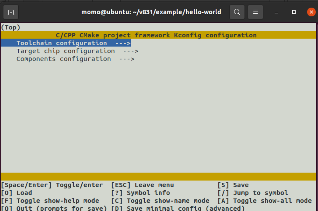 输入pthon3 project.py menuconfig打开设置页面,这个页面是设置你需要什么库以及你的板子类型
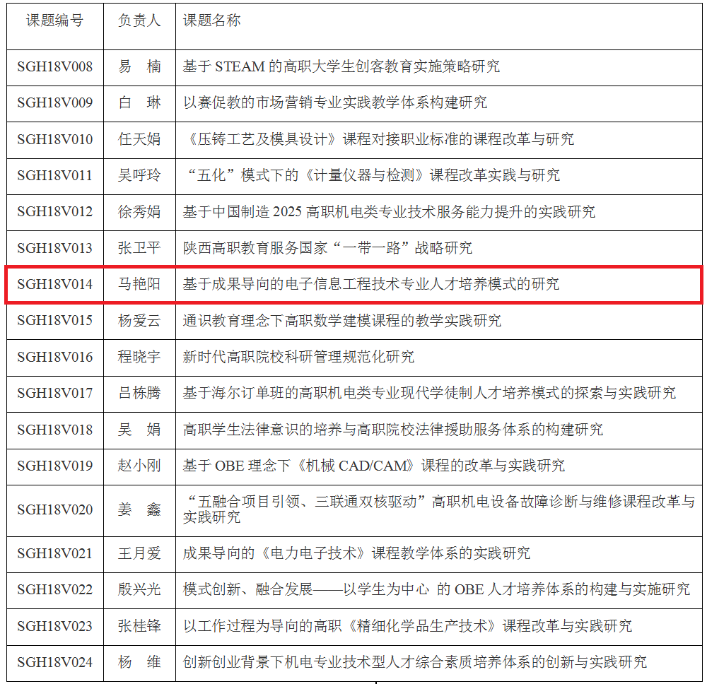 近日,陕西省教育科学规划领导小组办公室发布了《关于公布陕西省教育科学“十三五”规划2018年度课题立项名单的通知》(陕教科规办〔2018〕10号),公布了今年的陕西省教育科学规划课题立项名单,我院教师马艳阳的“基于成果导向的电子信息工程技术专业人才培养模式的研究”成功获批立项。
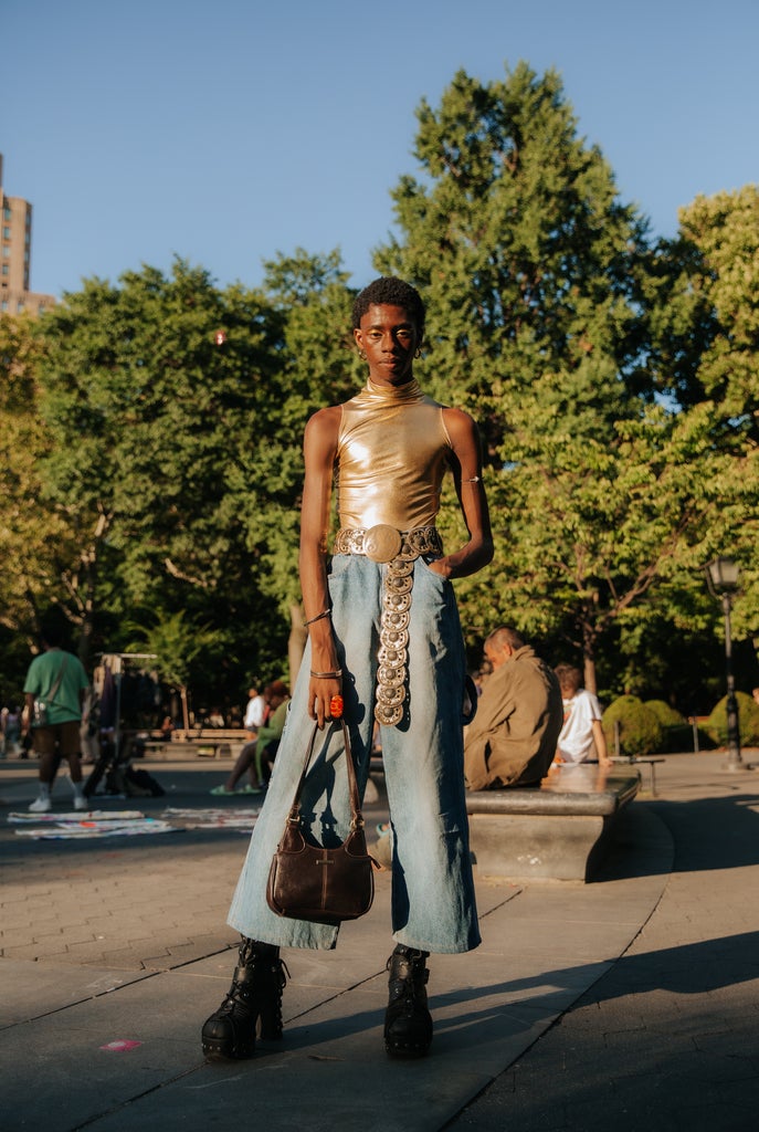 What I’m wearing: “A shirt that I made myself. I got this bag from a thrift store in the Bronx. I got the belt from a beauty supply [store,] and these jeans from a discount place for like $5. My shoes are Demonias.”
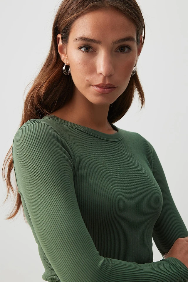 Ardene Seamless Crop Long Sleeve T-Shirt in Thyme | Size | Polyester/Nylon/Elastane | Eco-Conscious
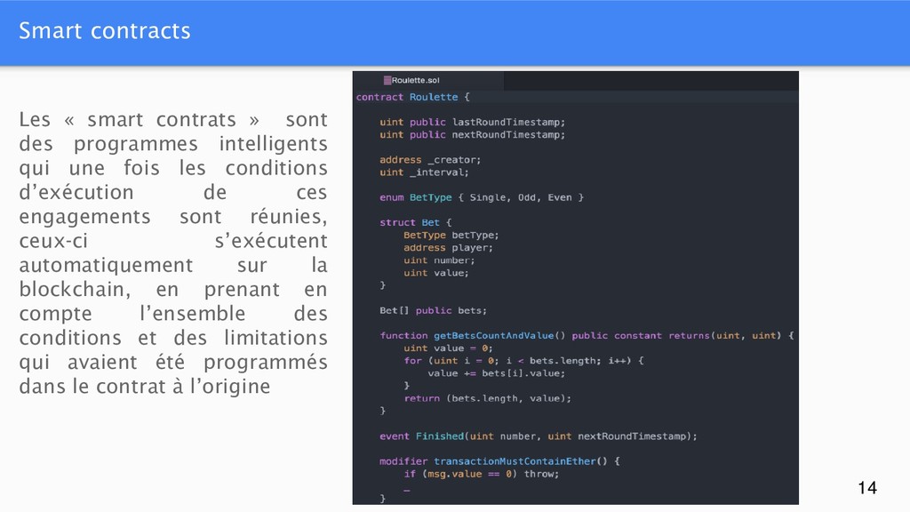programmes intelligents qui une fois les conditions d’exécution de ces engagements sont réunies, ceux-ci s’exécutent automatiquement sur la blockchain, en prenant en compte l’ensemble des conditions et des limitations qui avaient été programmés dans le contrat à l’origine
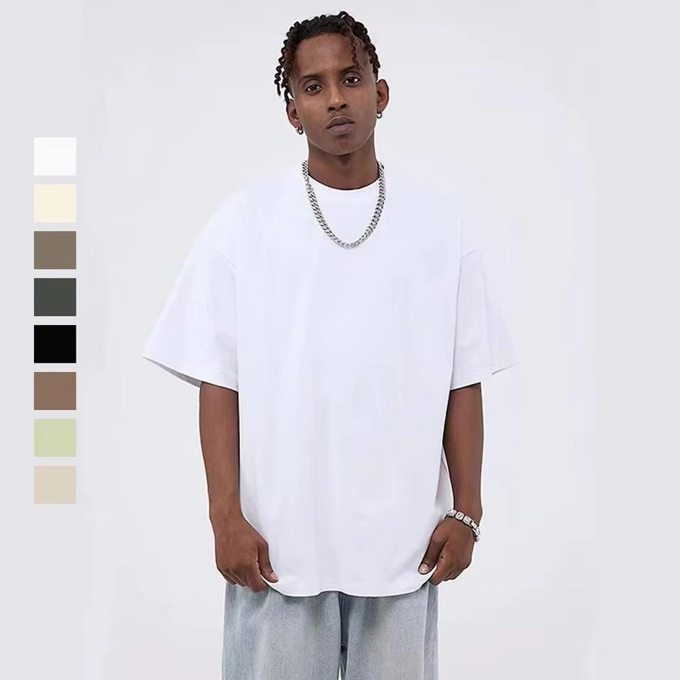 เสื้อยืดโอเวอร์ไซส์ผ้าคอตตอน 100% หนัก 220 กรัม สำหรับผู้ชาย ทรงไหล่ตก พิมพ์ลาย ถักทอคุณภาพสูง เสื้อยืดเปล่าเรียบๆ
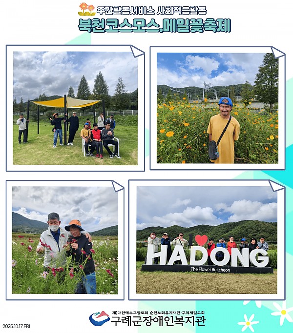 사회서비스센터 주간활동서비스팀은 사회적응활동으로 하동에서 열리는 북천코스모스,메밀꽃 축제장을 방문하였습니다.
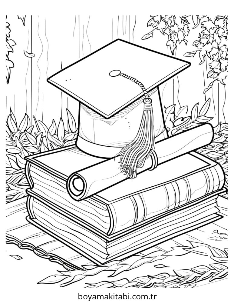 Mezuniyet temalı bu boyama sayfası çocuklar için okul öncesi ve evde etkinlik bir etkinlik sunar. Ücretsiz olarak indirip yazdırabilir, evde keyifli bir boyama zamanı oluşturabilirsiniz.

◆ YOUR TASK:
From the entries above, output every line exactly and omit any image.

◆ EXERCISE OUTPUT:
 输入pthon3 project.py menuconfig打开设置页面,这个页面是设置你需要什么库以及你的板子类型
 近日,陕西省教育科学规划领导小组办公室发布了《关于公布陕西省教育科学“十三五”规划2018年度课题立项名单的通知》(陕教科规办〔2018〕10号),公布了今年的陕西省教育科学规划课题立项名单,我院教师马艳阳的“基于成果导向的电子信息工程技术专业人才培养模式的研究”成功获批立项。
 What I’m wearing: “A shirt that I made myself. I got this bag from a thrift store in the Bronx. I got the belt from a beauty supply [store,] and these jeans from a discount place for like $5. My shoes are Demonias.”
 Ardene Seamless Crop Long Sleeve T-Shirt in Thyme | Size | Polyester/Nylon/Elastane | Eco-Conscious
programmes intelligents qui une fois les conditions d’exécution de ces engagements sont réunies, ceux-ci s’exécutent automatiquement sur la blockchain, en prenant en compte l’ensemble des conditions et des limitations qui avaient été programmés dans le contrat à l’origine
 เสื้อยืดโอเวอร์ไซส์ผ้าคอตตอน 100% หนัก 220 กรัม สำหรับผู้ชาย ทรงไหล่ตก พิมพ์ลาย ถักทอคุณภาพสูง เสื้อยืดเปล่าเรียบๆ
 사회서비스센터 주간활동서비스팀은 사회적응활동으로 하동에서 열리는 북천코스모스,메밀꽃 축제장을 방문하였습니다.
 Mezuniyet temalı bu boyama sayfası çocuklar için okul öncesi ve evde etkinlik bir etkinlik sunar. Ücretsiz olarak indirip yazdırabilir, evde keyifli bir boyama zamanı oluşturabilirsiniz.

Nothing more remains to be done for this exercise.